### SUPPLIED MATERIAL
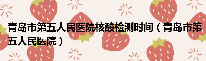 青岛市第五人民医院核酸检测时间(青岛市第五人民医院)
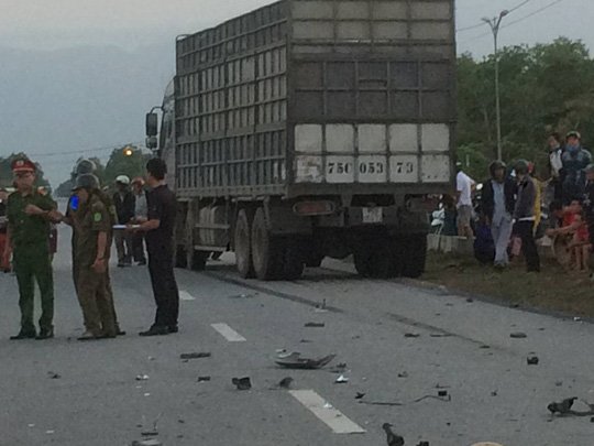 Hai thanh niên đi trên xe gắn máy lưu thông về biển Cảnh Dương thì xảy ra va chạm với xe tải chạy hướng ngược lại khiến cả 2 đều tử vong tại chỗ.
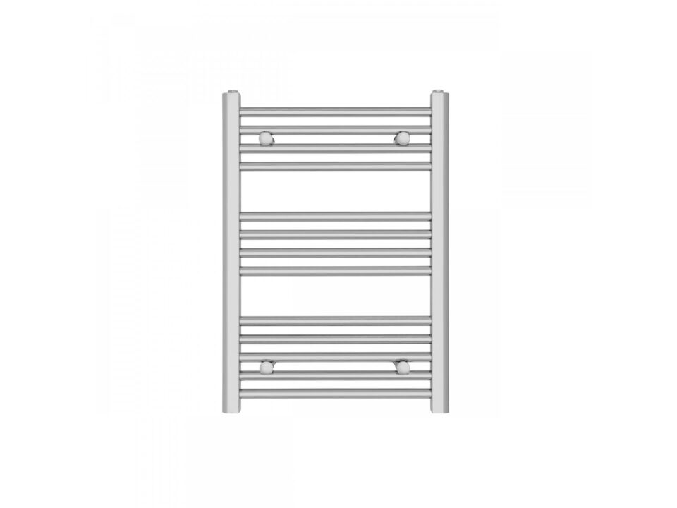 Prosty grzejnik łazienkowy drabinkowy zbudowany z dwóch kolektorów o przekroju “U” połączonych poziomo ułożonymi rurkami. Klasyczna i niezmiennie od lat popularna forma.
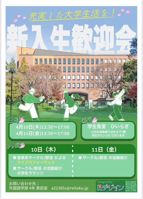 サークルどうしよう?と思ったら…\新入生歓迎会へGO!/4/10・1113:30〜学生食堂ひいらぎ、学生ラウンジ(10日のみ)ライブパフォーマンスも#春から麗大#新歓#サークル選び
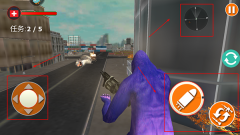 游戏操作:左侧为前进控制方向,右侧上方圆盘为瞄准方向,右侧下方子弹图标为发射,切换图标为切换枪支;
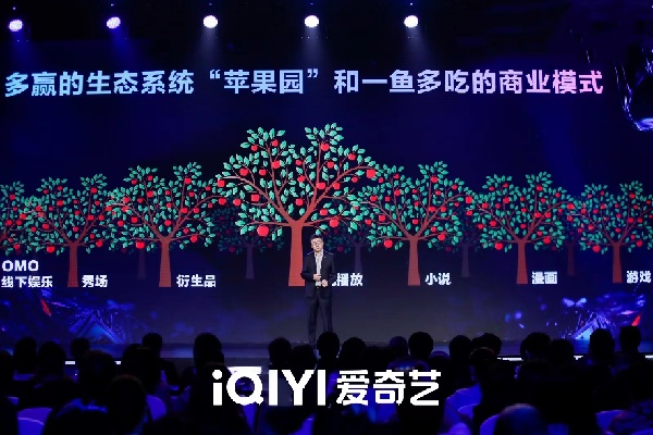 ▲2021年5月,龔宇在愛奇藝世界·大會介紹多贏生態(tài)系統(tǒng)和“一魚多吃”商業(yè)模式
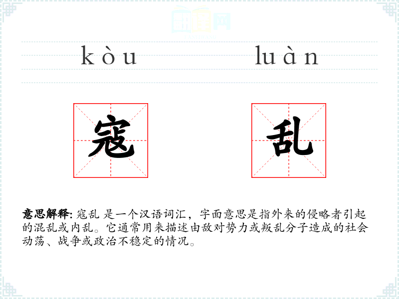 寇乱 是一个汉语词汇,字面意思是指外来的侵略者引起的混乱或内乱。它通常用来描述由敌对势力或叛乱分子造成的社会动荡、战争或政治不稳定的情况。
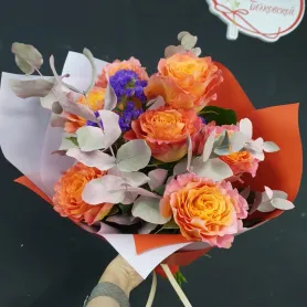 Яркий букет, выполненный в оранжевом цвете, поднимет настроение дорогому Вам человеку!

### WORK ITEM
Please set down exactly the lines from the first line of the data above through the line with "寇乱 是一个汉语词汇,字面意", both included, leaving out the pictures.

### RESULT OF THE EXERCISE
 青岛市第五人民医院核酸检测时间(青岛市第五人民医院)
 Hai thanh niên đi trên xe gắn máy lưu thông về biển Cảnh Dương thì xảy ra va chạm với xe tải chạy hướng ngược lại khiến cả 2 đều tử vong tại chỗ.
 Prosty grzejnik łazienkowy drabinkowy zbudowany z dwóch kolektorów o przekroju “U” połączonych poziomo ułożonymi rurkami. Klasyczna i niezmiennie od lat popularna forma.
 サークルどうしよう?と思ったら…\新入生歓迎会へGO!/4/10・1113:30〜学生食堂ひいらぎ、学生ラウンジ(10日のみ)ライブパフォーマンスも#春から麗大#新歓#サークル選び
 游戏操作:左侧为前进控制方向,右侧上方圆盘为瞄准方向,右侧下方子弹图标为发射,切换图标为切换枪支;
 ▲2021年5月,龔宇在愛奇藝世界·大會介紹多贏生態(tài)系統(tǒng)和“一魚多吃”商業(yè)模式
 寇乱 是一个汉语词汇,字面意思是指外来的侵略者引起的混乱或内乱。它通常用来描述由敌对势力或叛乱分子造成的社会动荡、战争或政治不稳定的情况。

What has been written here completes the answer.